Character Replacement
The character replacement module is a mechanism to use configurable character set rules to sanitize messages going via a scheme pack.
Example usage
The module uses spring configuration to define the rules used. The interface CharacterReplacer has a default implementation provided by spring, so to use simply add the csm-character-replacement module to maven and then dependency injection will pull the implementation through.
Then we simply pass the message (in string format) to our characterReplacer, this will return a sanitized string.

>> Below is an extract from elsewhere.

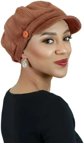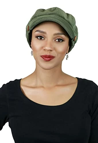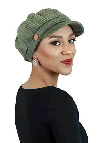- BRIANNA CABBIE NEWSBOY CAP FOR WOMEN OLIVE GREEN CORDUROY is a cute, retro chic, fall and winter hat that’s perfect for cancer patients and women with medical hair loss. A great choice in chemo headwear

System.out.println(characterReplacer.replaceCharacters("ÀÁÂ"))
# prints AAA
If you wish to only replace part of the message, you can include optional startFrom and endAfter strings, which will find the first instance of those strings; within the message; and will only replace characters within those boundaries, including the startFrom and endAfter strings.
System.out.println(characterReplacer.replaceCharacters("ÀÁÂ íîï éèê", Optional.of(íîï), Optional.empty())
# prints ÀÁÂ iii eee
(everything after and including íîï is replaced)

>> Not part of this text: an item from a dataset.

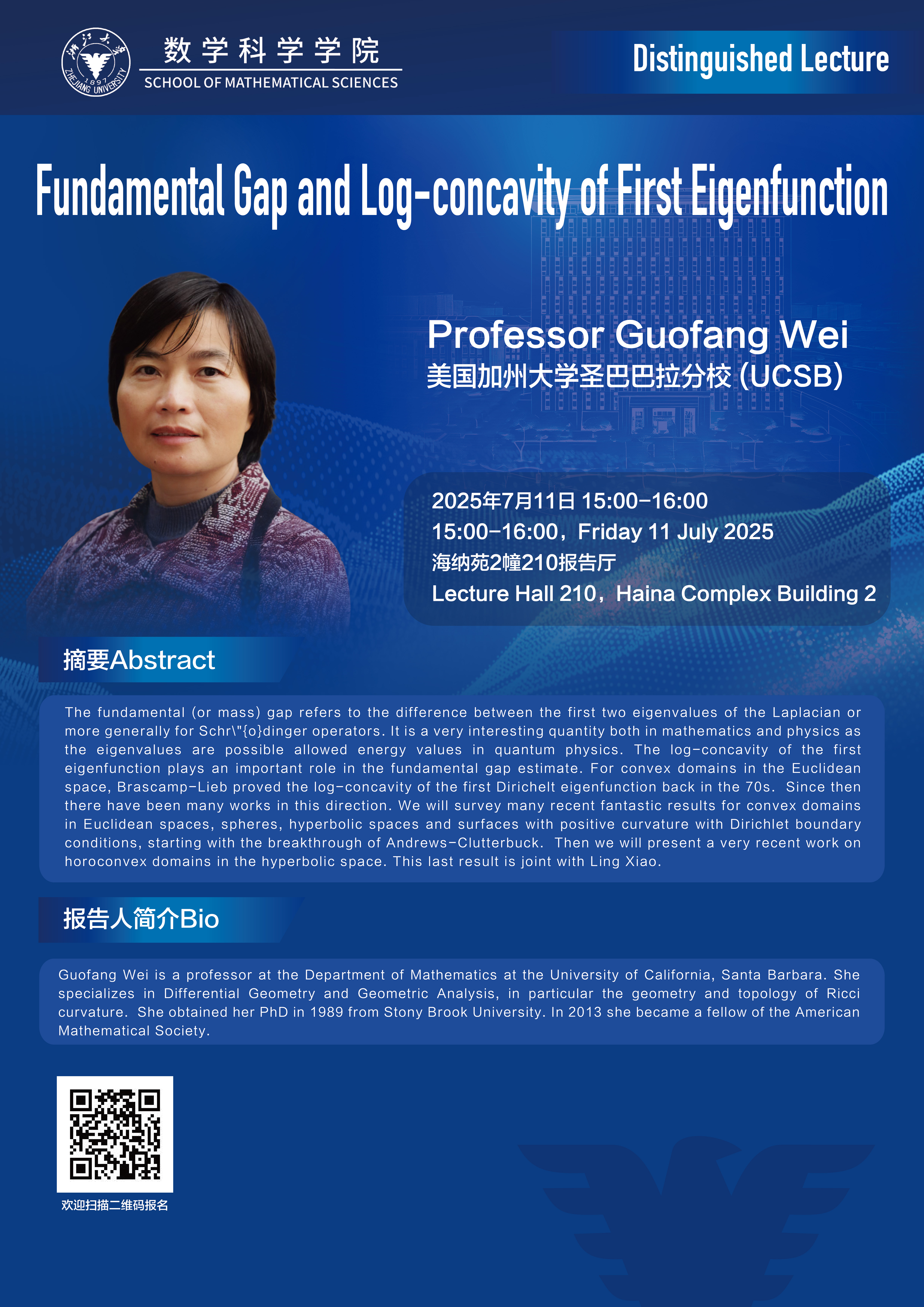 学术科研 学术团队 学术活动 学术会议 学术报告 讨论班 School Colloquium 信息公告 文件汇编 School Colloquium 乐竞官网平台 > Distinguished Lecture——Fundamental Gap and Log-concavity of First Eigenfunction 来源:乐竞(中国)一站式服务平台 发布时间:2025-07-09 18

System.out.println(characterReplacer.replaceCharacters("ÀÁÂ íîï éèê", Optional.empty(), Optional.of(íîï))
# prints AAA iii éèê
(everything before and including íîï is replaced)

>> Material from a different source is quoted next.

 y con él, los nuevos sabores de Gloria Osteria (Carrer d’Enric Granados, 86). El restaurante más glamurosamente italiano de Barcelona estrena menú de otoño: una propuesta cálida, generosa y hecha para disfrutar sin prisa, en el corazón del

System.out.println(characterReplacer.replaceCharacters("ÀÁÂ íîï éèê", Optional.of(íîï), Optional.of(íîï))
# prints ÀÁÂ iii éèê
(only íîï is replaced)
Configuration
There are 3 types of configuration available;
-
Char-to-char - replace a single character with another
-
list-to-char - replace any character in a list to a defined character
-
regex-to-char - replace any character in a regular expression to a defined character
| Any combination of these 3 is possible if required. |
character-replacements {
char-to-char-replacements = [
{character = À, replaceWith = A, replaceInDomOnly = true/false},
{character = ï, replaceWith = i, replaceInDomOnly = true/false},
]
list-to-char-replacements = [
{list = [È,É,Ê,Ë], replaceWith = E, replaceInDomOnly = true/false}
]
regex-to-char-replacements = [
{regex = "[\\p{InLatin-1Supplement}]", replaceWith = ., replaceInDomOnly = true/false}
]
}
| Config | Type | Description |
|---|---|---|
character-replacements.char-to-char-replacements.character |
Char |
Character to be replaced |
character-replacements.char-to-char-replacements.replaceWith |
Character |
Character replacement |
character-replacements.char-to-char-replacements.replaceInDomOnly |
Boolean |
Flag indicating whether the replacement should happen only in the text nodes of the DOM |
character-replacements.list-to-char-replacements.list |
List<Character> |
List of character’s to be replaced |
character-replacements.list-to-char-replacements.replaceWith |
Character |
Character replacement for list |
character-replacements.list-to-char-replacements.replaceInDomOnly |
Boolean |
Flag indicating whether the replacement should happen only in the text nodes of the DOM |
character-replacements.regex-to-char-replacements.regex |
String |
Regular expression for replaced characters |
character-replacements.regex-to-char-replacements.replaceWith |
Character |
Character replacement for regex |
character-replacements.regex-to-char-replacements.replaceInDomOnly |
Boolean |
Flag indicating whether the replacement should happen only in the text nodes of the DOM |